◆ EXERCISE GOAL: Please reproduce the data exactly, though every picture must stay out.

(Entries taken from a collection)
- Opening Delimiter -

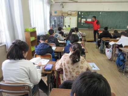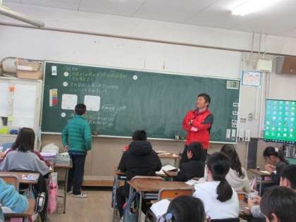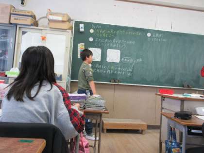 多角形の内角の和が何度なのか、考えています。補助線を引いて、発表しています。
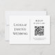 Une carte RSVP élégante et pratique avec un design minimaliste avec des polices classiques sur un arrière - plan blanc. Customisez-le avec vos noms, le site du mariage, le code QR et la date pour vous assurer que les invités confirment leur présence lors de votre journée spéciale.
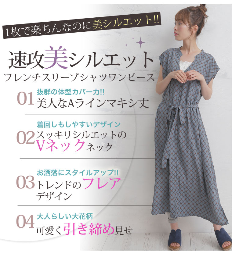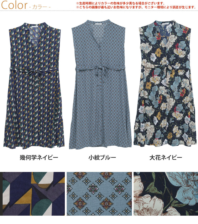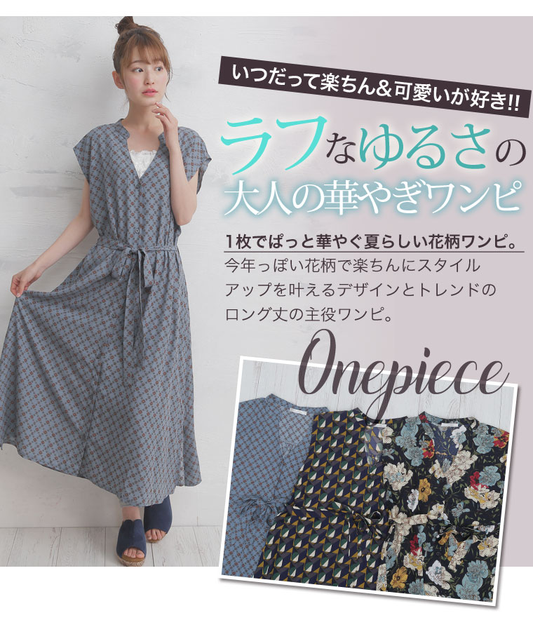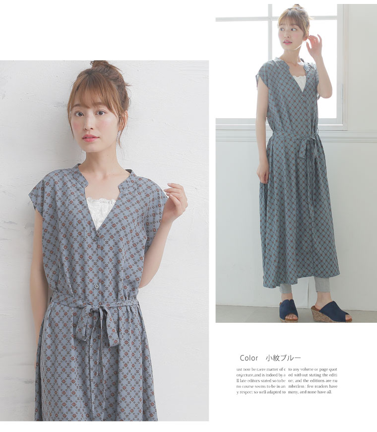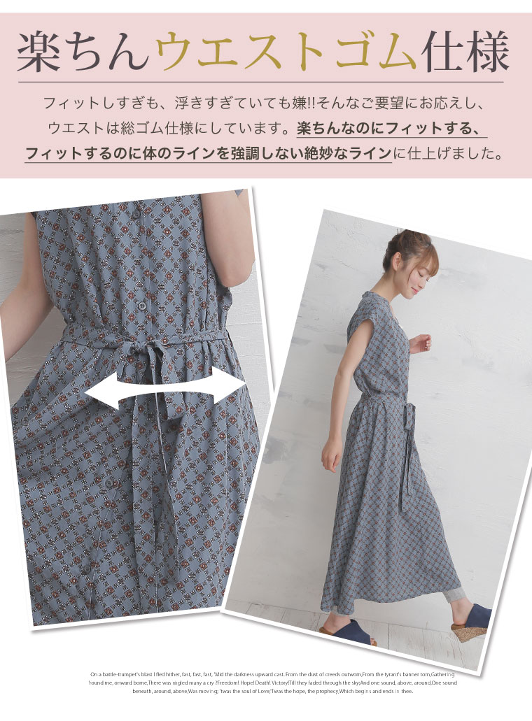 ウエストリボンでメリハリシルエット!!3柄から選べるシャツワンピース
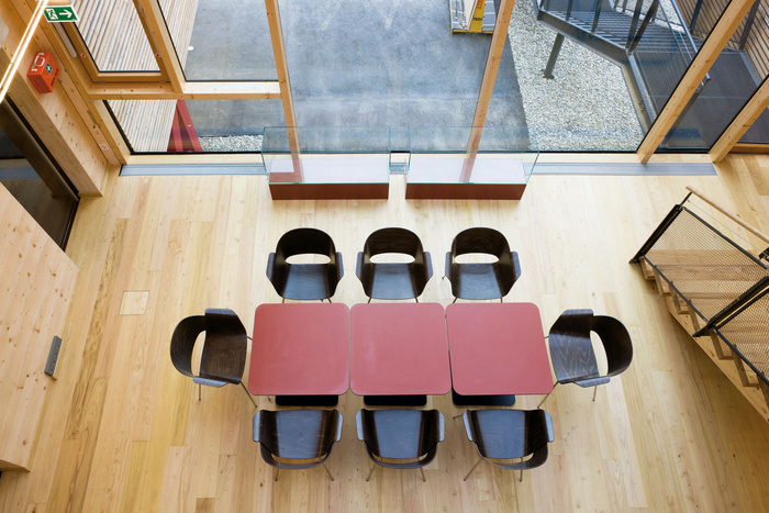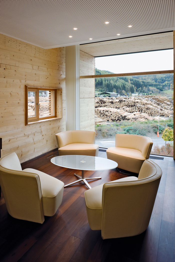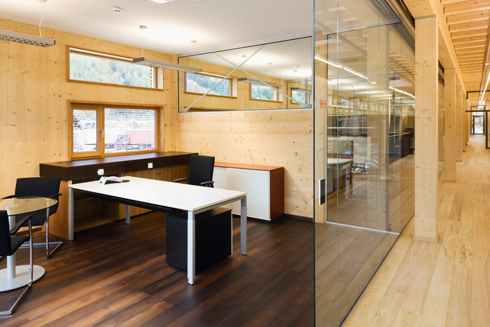 以木材为灵感的办公室 透明的玻璃立方体打破了坚固性
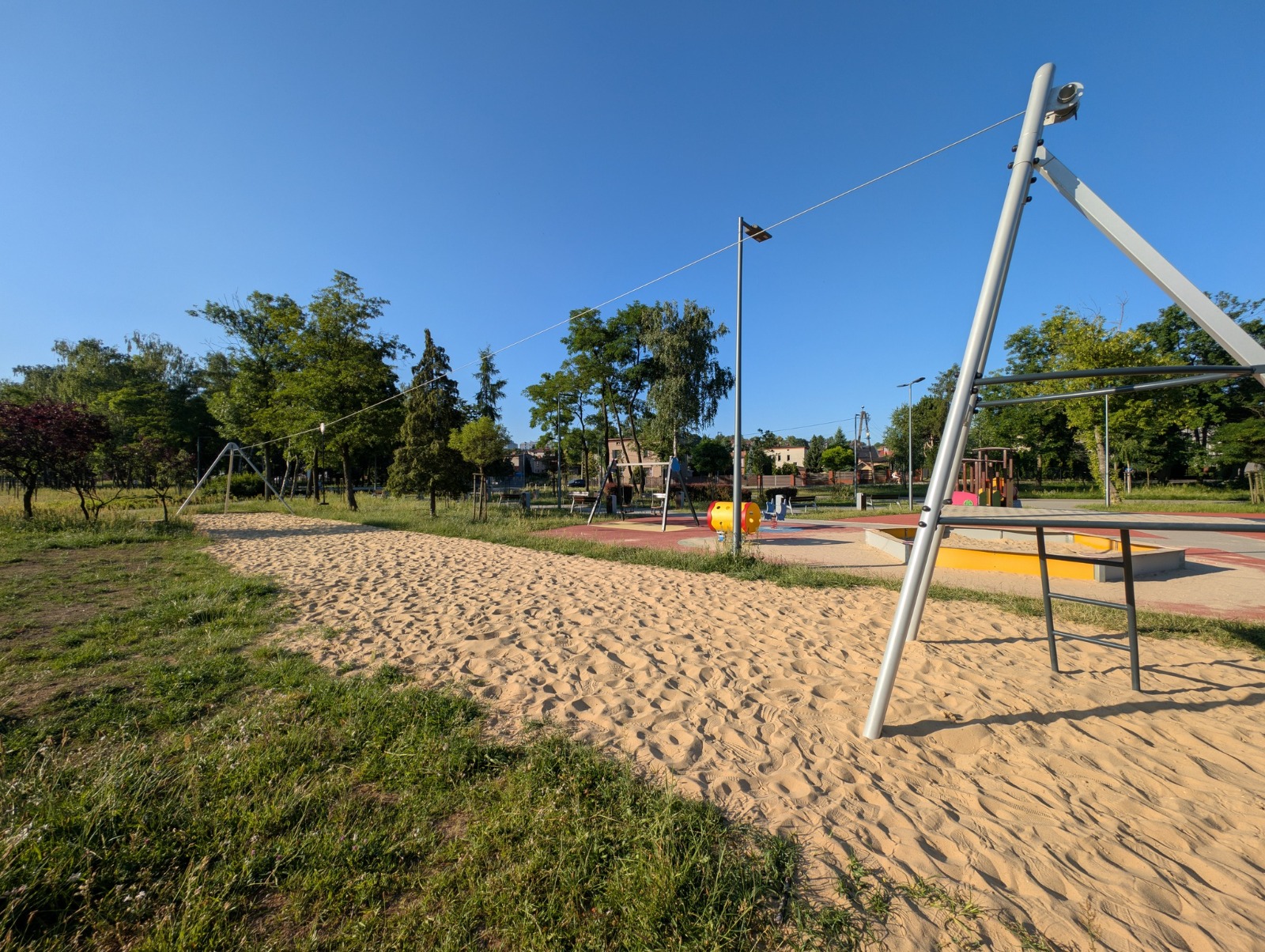 Plac zabaw wyposażono między innymi w zjeżdżalnie, zjazd strażacki, ścianki wspinaczkowe, linarium oraz inne atrakcje, które z pewnością przypadną do gustu najmłodszych.
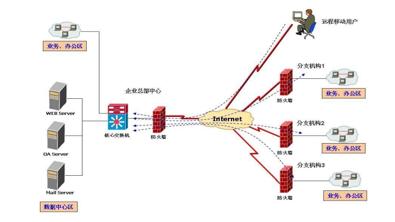 3)防火墙的部署:部署于内、外网边界和各个区域之间,用于权限访问控制和安全域划分。
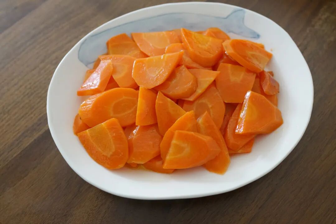 这个菜的做法格外的简单,就是把胡萝卜切成薄片,用油炒一下,然后用几乎没过胡萝卜的水,一直焖煮到水完全烧干。这样胡萝卜会变得很糯软、非常甜。不再有很多人不喜欢的胡萝卜青草味。
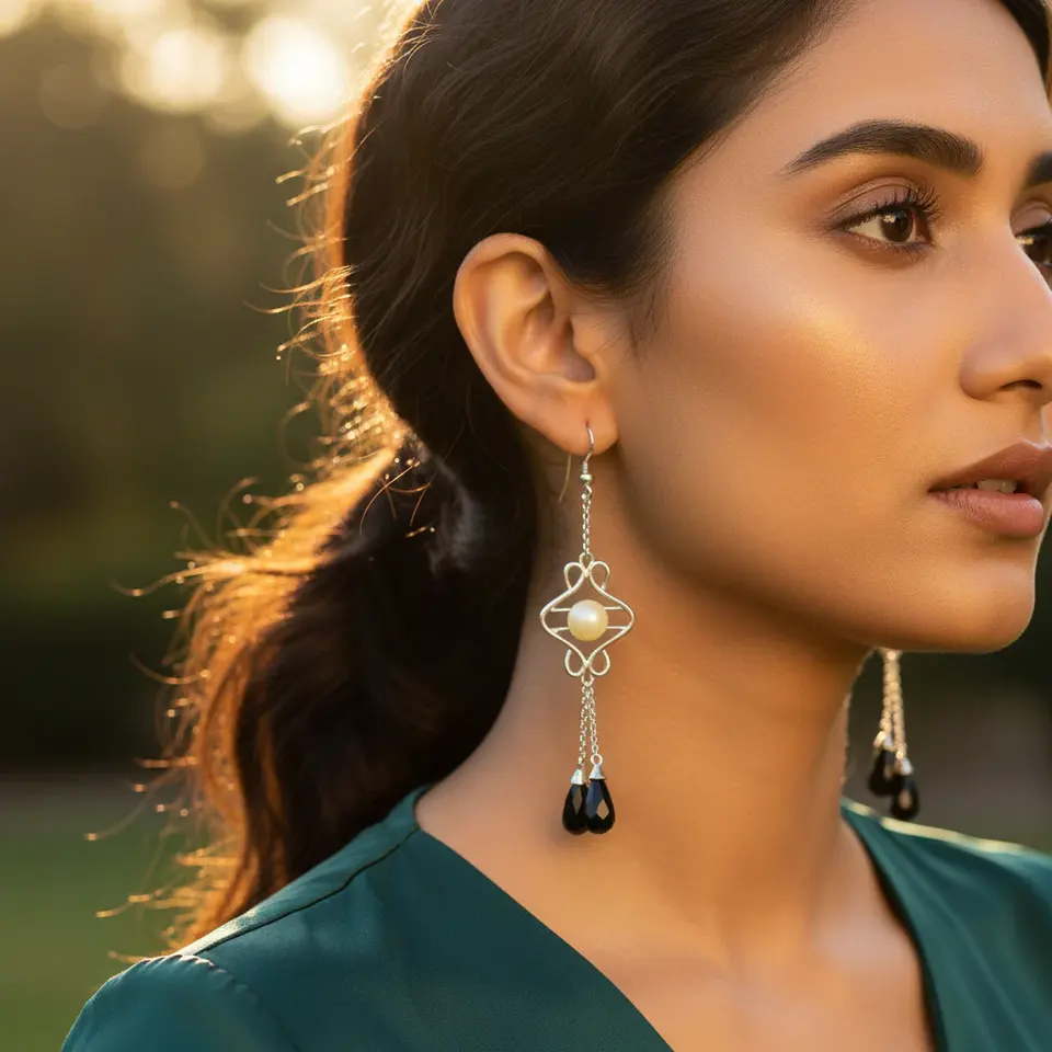 Women's 925 Silver Black Onyx Dangle Earrings Gold Plated Drop Hoop Jewelry with Pearl and Diamond for Wedding
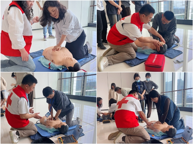 活動緊扣“學技能、強擔當、踐初心”目標,精心設(shè)置標準化急救技能培訓(xùn)課程。在安徽省紅十字會專業(yè)講師的指導(dǎo)下,黨員同志們學習了心肺復(fù)蘇(CPR)、自動體外除顫儀(AED)操作、創(chuàng)傷止血包扎、氣道異物梗阻處理等核心急救技術(shù)。針對心梗、腦卒中早期識別及燒燙傷應(yīng)急處置等日常生活中常見的突發(fā)場景,講師也進行了專項教學。課程采用理論講解與實操演示相結(jié)合的模式,借助模擬人體設(shè)備逐項分解急救動作要領(lǐng),確保參訓(xùn)黨員能夠掌握規(guī)范、科學的急救流程。
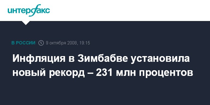 Инфляция в Зимбабве установила новый рекорд – 231 млн процентов
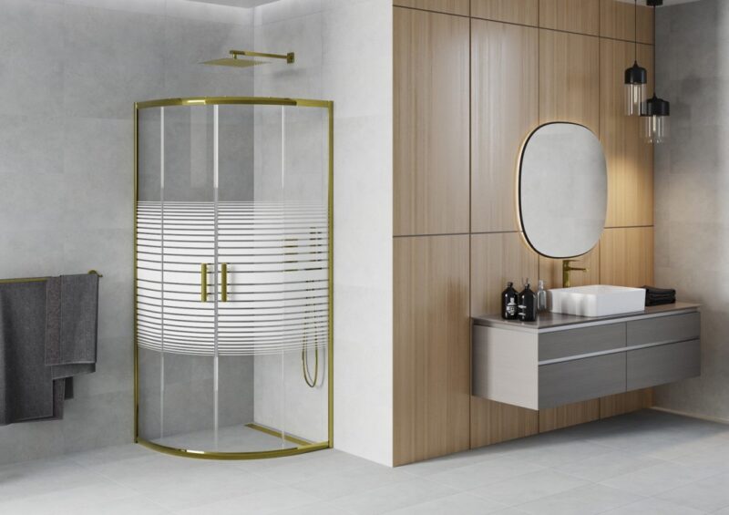 MEXEN – Rio sprchovací kút štvrťkruh 70 x 70, pruhy, zlatá 863-070-070-50-20
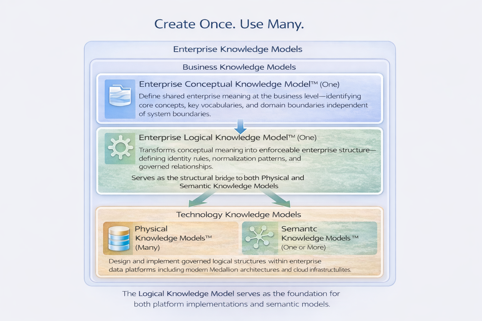 This program teaches professionals how to design Enterprise Knowledge Models™ — durable structural blueprints that unify governance, Medallion architectures, analytics platforms, and AI ecosystems.
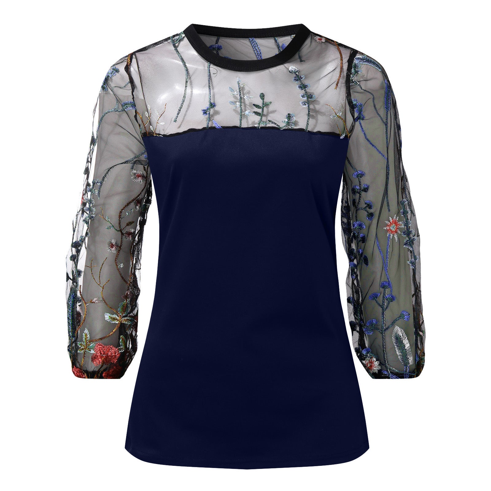 Women's Mesh Embroidered Long-sleeved T-shirt
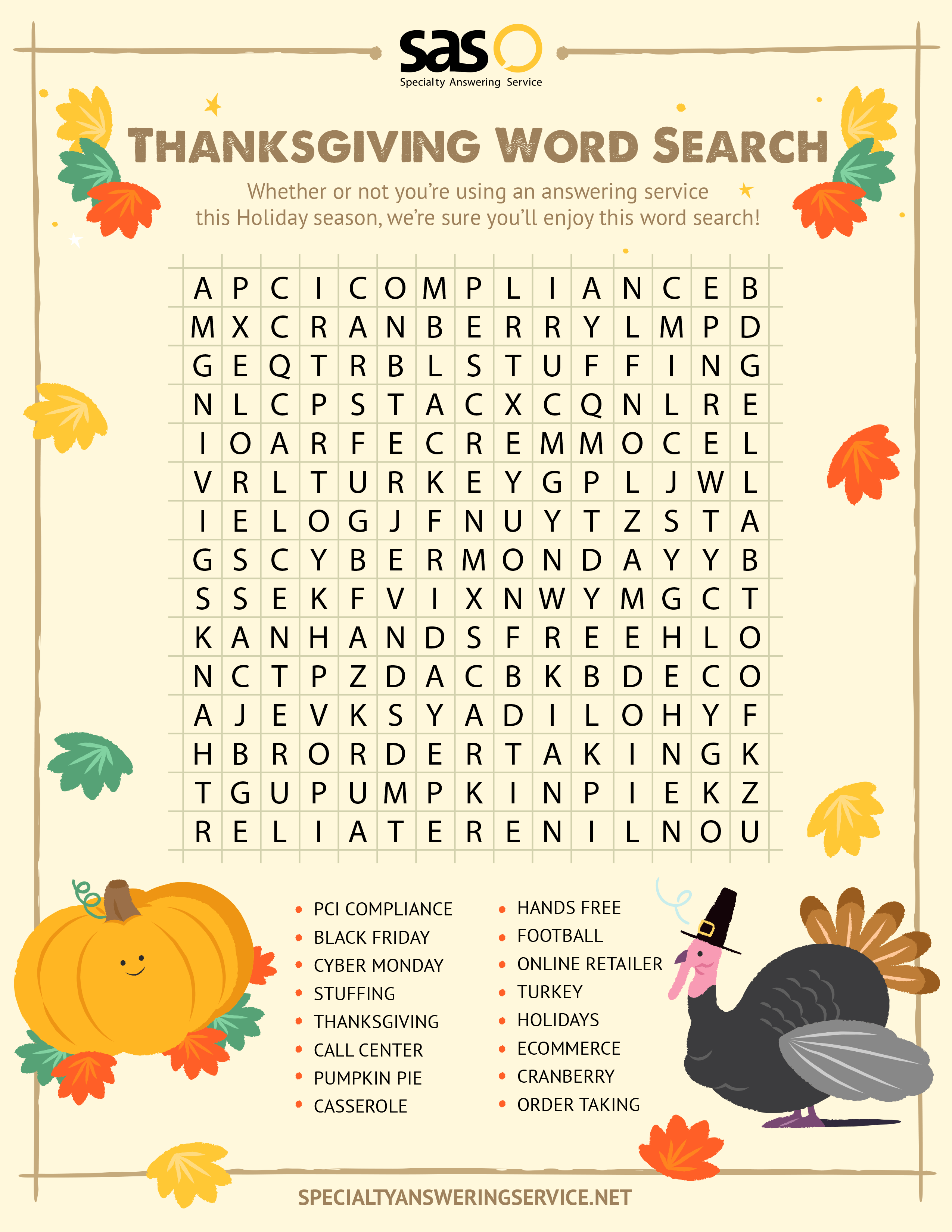 To help celebrate, we created a fun Thanksgiving themed word search puzzle and seasoned it with your favorite answering service lingo. Relax knowing that we’ll be answering your calls while you’re filling up on Turkey. Specialty is always serving up live answering service as the main course, and we’ve included all your go to sides, too – like eCommerce, PCI Compliance, and Call Center!

- Closing Delimiter -

◆ SOLUTION BELOW:
 多角形の内角の和が何度なのか、考えています。補助線を引いて、発表しています。
 Une carte RSVP élégante et pratique avec un design minimaliste avec des polices classiques sur un arrière - plan blanc. Customisez-le avec vos noms, le site du mariage, le code QR et la date pour vous assurer que les invités confirment leur présence lors de votre journée spéciale.
 ウエストリボンでメリハリシルエット!!3柄から選べるシャツワンピース
 以木材为灵感的办公室 透明的玻璃立方体打破了坚固性
 Plac zabaw wyposażono między innymi w zjeżdżalnie, zjazd strażacki, ścianki wspinaczkowe, linarium oraz inne atrakcje, które z pewnością przypadną do gustu najmłodszych.
 3)防火墙的部署:部署于内、外网边界和各个区域之间,用于权限访问控制和安全域划分。
 这个菜的做法格外的简单,就是把胡萝卜切成薄片,用油炒一下,然后用几乎没过胡萝卜的水,一直焖煮到水完全烧干。这样胡萝卜会变得很糯软、非常甜。不再有很多人不喜欢的胡萝卜青草味。
 Women's 925 Silver Black Onyx Dangle Earrings Gold Plated Drop Hoop Jewelry with Pearl and Diamond for Wedding
 活動緊扣“學技能、強擔當、踐初心”目標,精心設(shè)置標準化急救技能培訓(xùn)課程。在安徽省紅十字會專業(yè)講師的指導(dǎo)下,黨員同志們學習了心肺復(fù)蘇(CPR)、自動體外除顫儀(AED)操作、創(chuàng)傷止血包扎、氣道異物梗阻處理等核心急救技術(shù)。針對心梗、腦卒中早期識別及燒燙傷應(yīng)急處置等日常生活中常見的突發(fā)場景,講師也進行了專項教學。課程采用理論講解與實操演示相結(jié)合的模式,借助模擬人體設(shè)備逐項分解急救動作要領(lǐng),確保參訓(xùn)黨員能夠掌握規(guī)范、科學的急救流程。
 Инфляция в Зимбабве установила новый рекорд – 231 млн процентов
 MEXEN – Rio sprchovací kút štvrťkruh 70 x 70, pruhy, zlatá 863-070-070-50-20
 This program teaches professionals how to design Enterprise Knowledge Models™ — durable structural blueprints that unify governance, Medallion architectures, analytics platforms, and AI ecosystems.
 Women's Mesh Embroidered Long-sleeved T-shirt
 To help celebrate, we created a fun Thanksgiving themed word search puzzle and seasoned it with your favorite answering service lingo. Relax knowing that we’ll be answering your calls while you’re filling up on Turkey. Specialty is always serving up live answering service as the main course, and we’ve included all your go to sides, too – like eCommerce, PCI Compliance, and Call Center!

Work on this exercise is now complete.